Confesso que ao ler o relatório do Parlamento Europeu (PE) sobre a «vigilância» massiva da Agência Nacional de Segurança dos EUA e de outras agências do mesmo tipo nos países da União Europeia me inquietei bastante. Não sendo nova, a ideia de haver indivíduos ou uma organização que se dedica a saber o que faz e o que pensa cada um de nós individualmente, em família, grupo ou colectividade organizada, é, para além de uma inaceitável invasão de privacidade, um acto antidemocrático e de intimidação. Com hesitações, comecei esta crónica, escrevi uma palavra, apaguei-a. Escrevi um parágrafo inteiro, voltei a apagar. Escrevi novamente qualquer coisa entre o arrazoado de palavras sem qualquer nexo da primeira ideia, logo uma frase, tudo me pareceu sem sentido, voltei a apagar. A página voltou a ficar em branco. Apesar de não ser propriamente um novato nas crónicas, acabei por ficar em stress, o tempo passava e a crónica já devia ter sido entregue. Faltaria o início do texto ou era a ideia de poder haver alguém que acompanhava todo este vai e vem de palavras e frases que era embaraçoso? Não conseguia concluir. Assustei-me com a ideia de ter alguém a monitorizar quantas vezes teclo, a velocidade a que teclo, a assistir aos meus dedos levantando-se e baixando-se lentamente na direcção de cada letra ou sinal, da tecla de apagar ou da tecla espaço. Talvez se o espião da NSA, do SIS ou de uma qualquer agência de serviços de informação, incluindo da própria União Europeia, designado para espiar o que digo, faço ou escrevo, partindo do princípio que outros interesses vigilantes não tenha, talvez esse espião, repito, me pudesse ajudar a resolver o problema. Interrogo-me se essa mesma entidade que desconheço não terá já definido o meu perfil. Ansioso quanto baste, perigoso subversivo enquanto membro organizado de um Partido Comunista. Isto partindo do princípio de que a pequenez da minha importância justificaria o direito a um espião, pensar que seria uma equipa já podia ser delírio, enfim alguém que num local recôndito, possivelmente com o recurso aos meios tecnológicos mais avançados, daqueles que são experimentados e promovidos nos filmes de Hollywood, se ocupasse a seguir todos os meus movimentos, as palavras que uso e as que me recuso a usar, as que somadas todas não traduzem nada, ou as que por serem ditas em código muito podem significar para quem as compreenda.

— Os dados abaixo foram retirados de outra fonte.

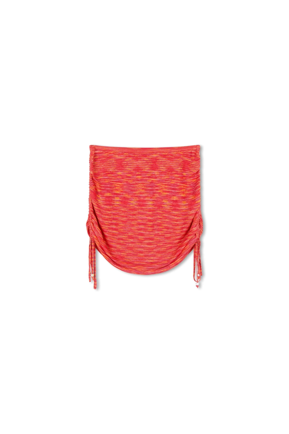 Model wearing coral spacedye halter top with front tie detailing, styled with matching ruched mini skirt.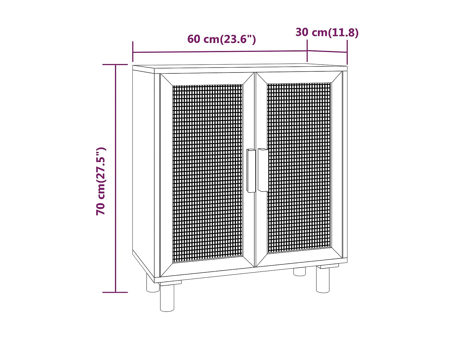 Dressoir 60x30x70 cm massief grenenhout en rattan bruin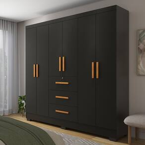 O roupeiro Amanda 6 portas é a escolha perfeita para quem busca espaço, funcionalidade e elegância em um único móvel. Seu design moderno valoriza o ambiente, oferecendo ampla capacidade interna para organizar roupas, calçados e acessórios de forma prática. As portas com acabamento sofisticado e puxadores robustos conferem um toque de requinte, enquanto o interior bem distribuído garante praticidade no dia a dia. Uma peça versátil e duradoura, ideal para compor quartos com estilo e bom gosto. Acabamento da Prateleira: Pintura UV Escala de Brilho da Prateleira: Brilhante Possui Cabideiros: Sim Acabamento da Gaveta: Pintura UV Escala de Brilho da Gaveta: Brilhante Material do Puxador da Gaveta: MDF Possui Organizador de Gaveta: Não Acabamento da Porta: Pintura UV Escala de Brilho da Porta: Brilhante Material do Puxador da Porta: MDF Acabamento dos Pés: Pintura Altura dos Pés: 5 cm Altura Máxima dos Pés: 5.0000 Ambiente Principal: Quarto codigo_ean: 7900288283689 Complexidade da Montagem: Alta: deve ser montado por um montador especializado Cor: Preto Cor da Porta: Branco Cor do Produto: Preto Cor do Puxador: Branco Cor Flex: Não Cor Interna: Preto Escala de Brilho: Brilhante Espessura da Estrutura (mm): 12 mm Espessura das Portas (mm): 12 mm Espessura das Prateleiras (mm): 12 mm Espessura do Fundo (mm): 3 mm Espessura do Fundo das Gavetas (mm): 400 mm Gaveta com Chave: Sim Itens Inclusos: 1 Guarda-Roupa, Kit Ferragem e Kit de Montagem Linha ou Coleção: Amanda Manual de Montagem e Instalação: https://product-hub-prd.madeiramadeira.com.br/261603679/documents/5f1ab23a-ed9e-473a-99bf-4977fa98a51a330740186717619270292736.pdf Marca: J&A Móveis Material da Gaveta: MDP Material da Porta: MDP Material da Prateleira: MDP Material dos Pés: Plástico Material Principal: MDP modular: Não Montagem Flex: NÃO Necessita Montagem: Sim Nicho com Cabideiro: Sim Origem do Produto: Nacional Peso: 90 kg Peso Máximo por Gaveta: 10 kg Peso Máximo por Prateleira: 7 kg Porta Janelada: Não Possui Calceiros: 01 Possui Espelho: Não Possui Pés: 06 Possui Portas: Sim Possui Prateleiras: Sim Produto Montado: Sim Quantidade de Cabideiros: 01 Cabideiro Quantidade de Gavetas: 03 Gavetas Quantidade de Prateleiras: 04 Prateleiras Recomendações de Uso, Manutenção e Limpeza: Limpeza com Pano Seco Sapatas Niveladoras: Não Sistema de Montagem: Parafusos, Bucha, Porca Suporta Até (kg): 40 kg Tipo de Corrediça da Gaveta: Metálica Telescópica Tipo de Dobradiça/Corrediça da Porta: Metálica Tipo de Gaveta: Externa Tipo de Guarda-Roupa: Solteiro Tipo de Puxador da Gaveta: Externo Tipo de Puxador da Porta: Externo undefined: 261603679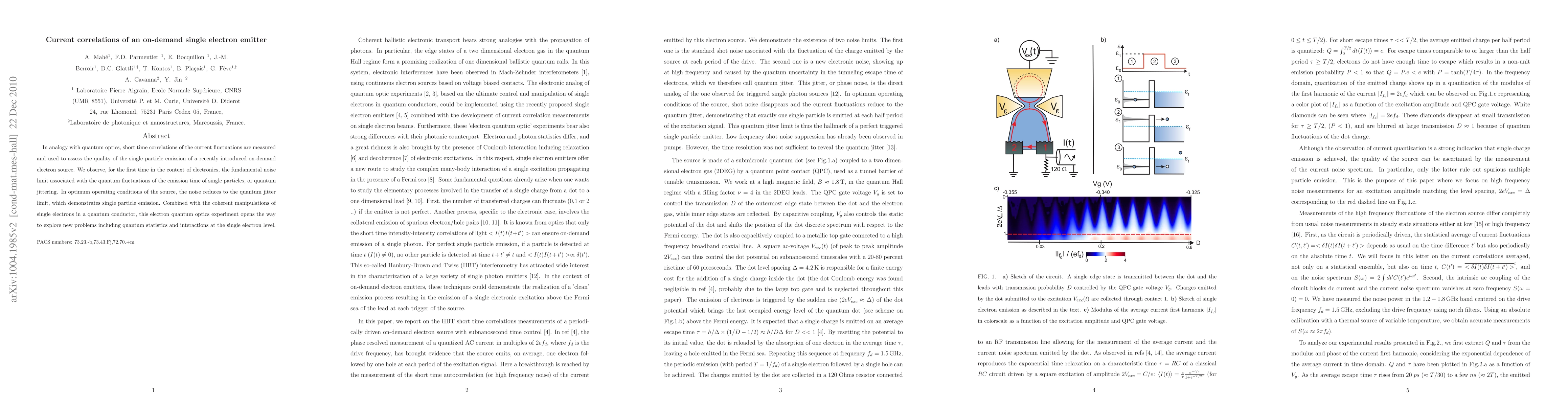 This paper investigates an on-demand electron source using quantum dot technology, revealing quantum jitter as fundamental noise in electron emission time fluctuations. Under optimal conditions, the noise reaches the quantum jitter limit, confirming single particle emission and paving the way for exploring quantum statistics and interactions at the single electron level.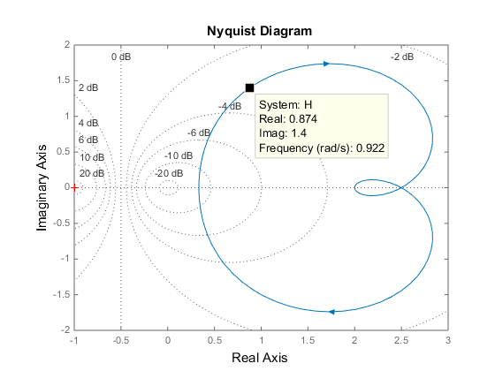 nyquistplot(sys,{wmin,wmax}) рисует график Найквиста для частот между wmin и wmax (в rad/TimeUnit, где TimeUnit - единицы времени входной динамической системы, указанные в TimeUnit имущество sys).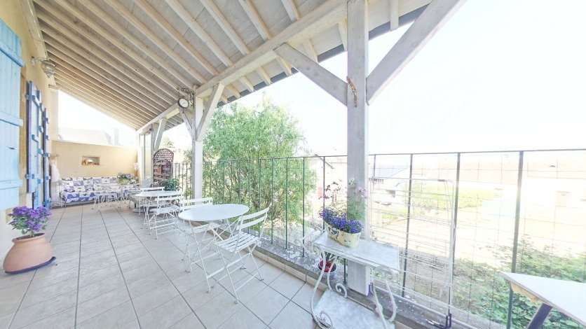 Cette demeure est agrémentée d'un grand garage, d'une cours, une terrasse et un jardin privatif permettant l'axé au cave voutées.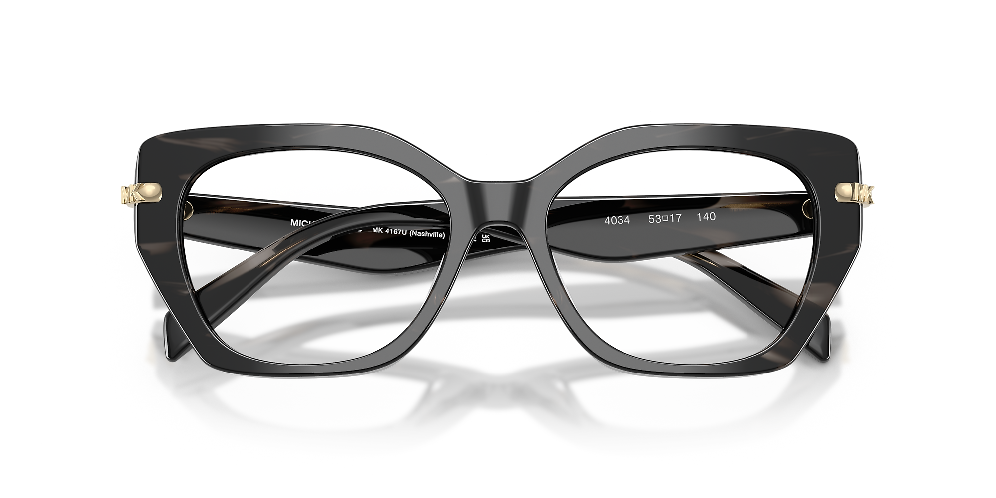 Experience the allure of the Michael Kors Nashville eyeglasses, a testament to the brand's signature blend of style and sophistication. Crafted from durable acetate, these irregular-shaped frames feature a polished black horn finish that adds a touch of elegance to any look. The unique design makes these glasses a standout accessory for those who appreciate individuality.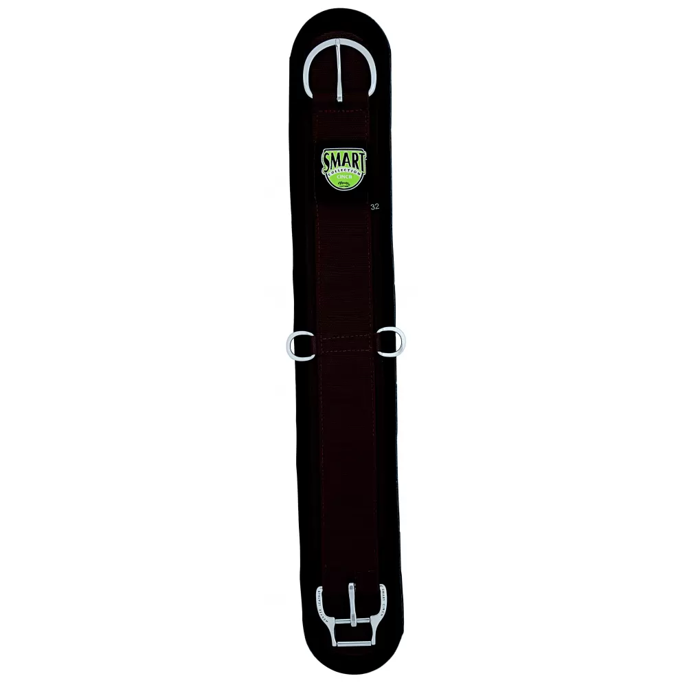 Now featuring the new and improved Roll Snug Cinch Buckle, the Smart Cinch is now smarter than ever! The innovative, patented buckle’s expertly-designed roller system now has less play so your latigo rolls more smoothly than ever. Designed with a contoured lip that keeps your latigo securely positioned, the buckle helps guide you for a straight pull every time. It’s modern, sleek design also features a shaped buckle tongue with a hooked tip that helps keep your latigo locked down in place for added security. A popular choice for the trail, this cinch features a shock-absorbing neoprene backer that withstands the elements and moves with your horse for extra comfort. The poly webbing detaches from the neoprene for easy cleaning. Nylon off billet holder. Stainless steel hardware. U.S. Patent #6,688,086.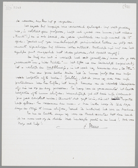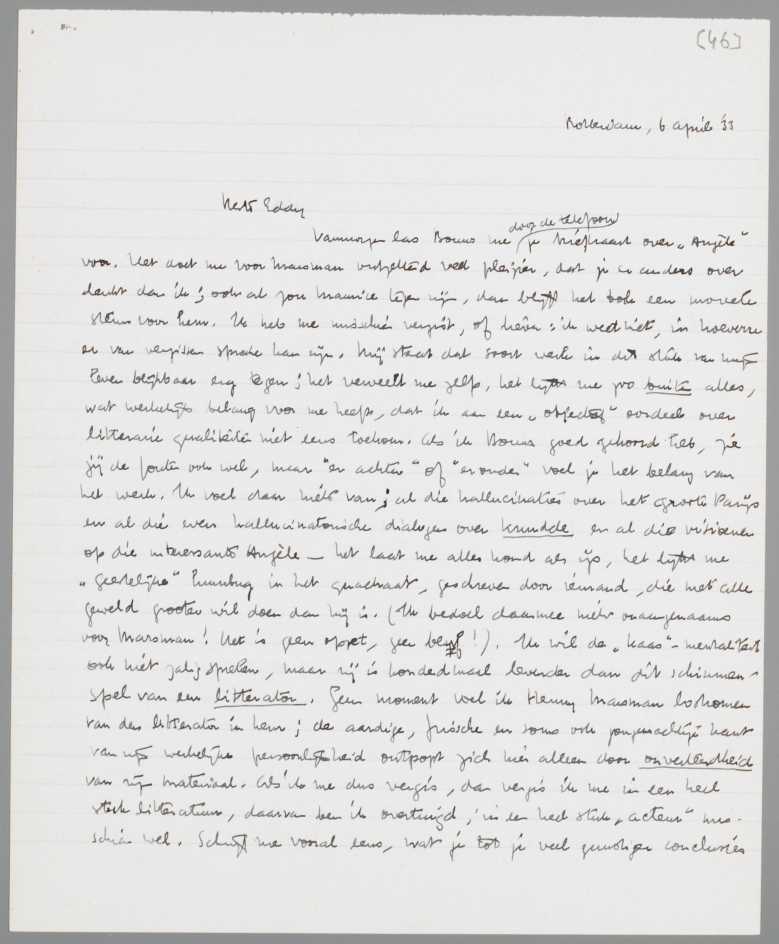 Vanmorgen las Bouws me door de telefoon je briefkaart over Angèle voor. Het doet me voor Marsman ontzettend veel pleizier, dat je er anders over denkt dan ik; ook al zou Maurice tegen zijn, dan blijft het toch een moreele steun voor hem. Ik heb me misschien vergist, of liever: ik weet niet, in hoeverre er van vergissen sprake kan zijn. Mij staat dat soort werk in dit stuk van mijn leven blijkbaar erg tegen; het verveelt me zelfs, het lijkt me zoo buiten alles, wat werkelijk belang voor me heeft, dat ik aan een ‘objectief’ oordeel over litteraire qualiteiten niet eens toekom. Als ik Bouws goed gehoord heb, zie jij de fouten ook wel, maar ‘er achter’ of ‘er onder’ voel je het belang van het werk. Ik voel daar niets van; al die hallucinaties over het groote Parijs en al die even hallucinatorische dialogen over Knudde en al die visioenen op die interessante Angèle - het laat me alles koud als ijs, het lijkt me ‘geestelijke’ humbug in het quadraat, geschreven door iemand, die met alle geweld grooter wil doen dan hij is. (Ik bedoel daarmee niets onaangenaams voor Marsman! Het is geen opzet, geen bluf!). Ik wil de ‘kaas’-mentaliteit ook niet zaligspreken, maar zij is honderdmaal levender dan dit schimmenspel van een litterator. Geen moment voel ik Henny Marsman loskomen van den litterator in hem; de aardige, frissche en soms ook jongensachtige kant van zijn werkelijke persoonlijkheid ontpopt zich hier alleen door onverteerdheid van zijn materiaal. Als ik me dus vergis, dan vergis ik me in een heel stuk litteratuur, daarvan ben ik overtuigd; in een heel stuk ‘acteur’ misschien wel. Schrijf me vooral eens, wat je tot je veel gunstiger conclusies heeft gebracht, welke positieve waarden je tegenover de (toch zeker abominabele) fouten stelt. -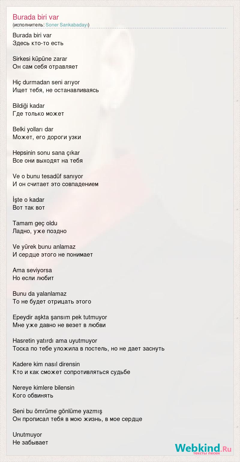 Burada biri var Здесь кто-то есть Sirkesi küpüne zarar Он сам себя отравляет Hiç durmadan seni arıyor Ищет тебя, не останавливаясь Bildiği kadar Где только может Belki yolları dar Может, его дороги узки Hepsinin sonu sana çıkar Все они выходят на тебя Ve o bunu tesadüf sanıyor И он считает это совпадением İşte o kadar Вот так вот Tamam geç oldu Ладно, уже поздно Ve yürek bunu anlamaz И сердце этого не понимает Ama seviyorsa Но если любит Bunu da yalanlamaz То не будет отрицать этого Epeydir aşkta şansım pek tutmuyor Мне уже давно не везет в любви Нasretin yatırdı ama uyutmuyor Тоска по тебе уложила в постель, но не дает заснуть Kadere kim nasıl dirensin Кто и как сможет сопротивляться судьбе Nereye kimlere bilensin Кого обвинять Seni bu ömrüme gönlüme yazmış Он прописал тебя в мою жизнь, в мое сердце Unutmuyor Не забывает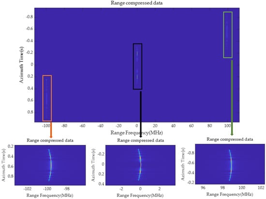 Range compression is accomplished by performing a range Fourier transform on the signal data after the dechirp operation. Echoes from different range cells have linear terms with unequal slopes, corresponding to different shifts in the frequency domain. Therefore, after the range Fourier transform, echoes are focused at various positions on the range–frequency axis. The compressed echoes are successfully distinguished. Additionally, there is a large enough bandwidth in the frequency domain to avoid range aliasing. The signal data in the range-frequency domain is: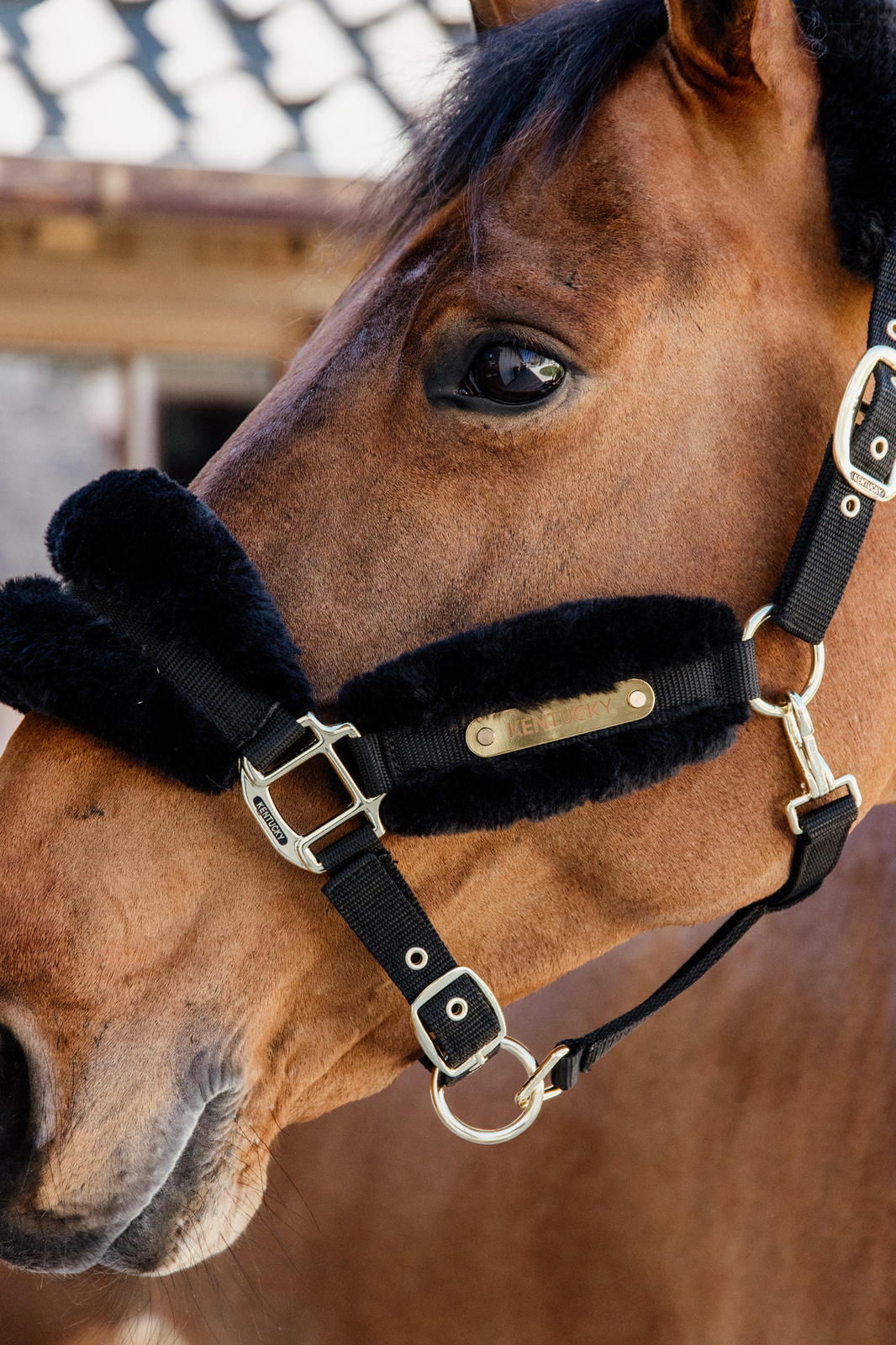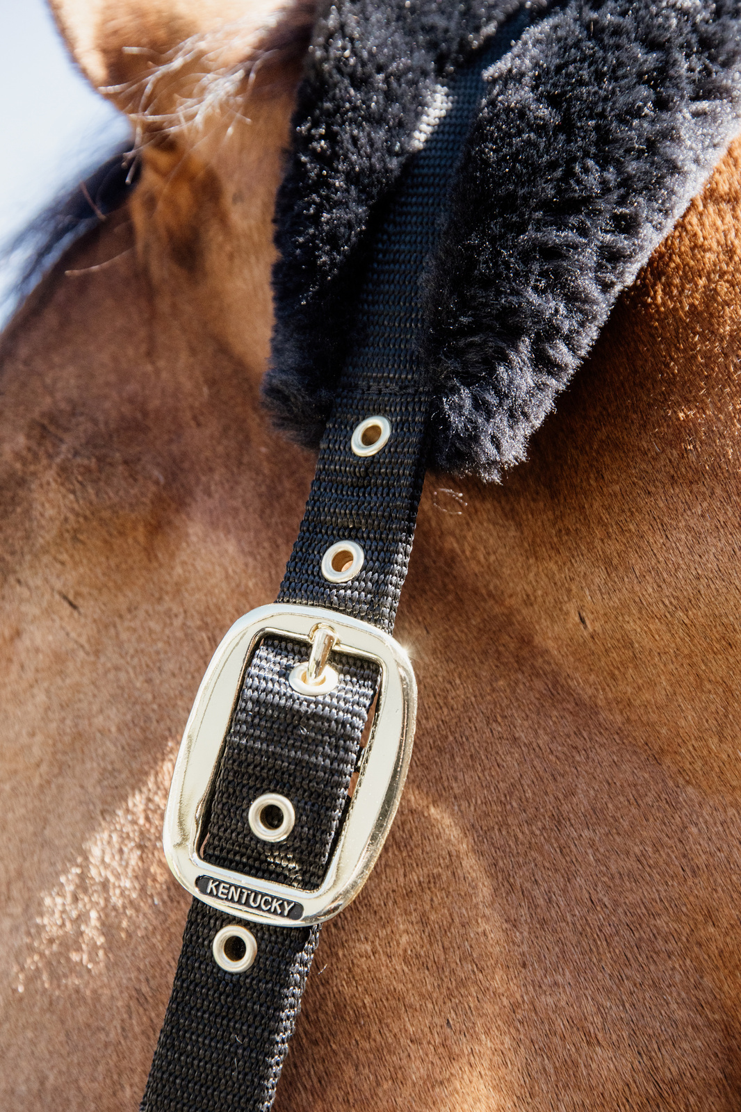 Złote sprzączki nadają mu luksusowy wygląd i idealnie komponują się z uwiązami Kentucky Horsewear.

Noutros tempos, o espião encarregado de me seguir os passos estaria do lado de lá da rua, se eu espreitasse pela janela esconder-se-ia. E se fosse dos bons não o descortinaria entre a multidão, porque no meio de tantos transeuntes e sem que nenhum deles tivesse um ar suspeito, um ar de espião, com óculos escuros e chapéu, nada me faria pensar que era aquele ali que se escondeu por detrás de todos os outros que parecem entretanto também esconder-se, porque já fechei a janela com medo de ser visto e me confrontar com o meu espião. Vivendo nós tempos diferentes, seria grande a ingenuidade pensar que este tipo de espionagem tivesse desaparecido. Mas aqui tratamos dessa outra espionagem que nos «observa» a partir de longe, podendo estar aqui tão perto.

O relatório aprovado pela maioria do PE – direita e social-democracia – fez o favor de me informar sobre as minhas suspeitas, porque aí se afirma claramente que a NSA tem «acesso directo aos servidores centrais das principais empresas de internet norte-americanas» – leia-se Facebook, Twitter, Google, Apple ou Microsoft –, que pode «analisar conteúdos e metadados», «aceder a redes informáticas e telefónicas e a dados de localização», os «ataques direccionados aos sistemas de informação e a recolha e a conservação de 200 milhões de mensagens de texto por dia». Elucidativo do que é esta maioria do PE e da sua hipocrisia é a sua conclusão de que «uma recolha de dados de tal magnitude deixa dúvidas sobre se estas acções são apenas motivadas pela luta contra o terrorismo». Dúvidas, afirmam eles! Mas a cereja no topo do bolo vem a seguir, quando se afirma que «é possível a existência de outras motivações, incluindo a espionagem política e económica». É possível, afirmam eles!

Sempre me disseram que assistir a um crime e não fazer nada, é ser cúmplice. Pela minha parte aqui fica a denúncia da antidemocrática cumplicidade da maioria do PE com o «Big Brother» que nos procura reprimir e sobretudo intimidar.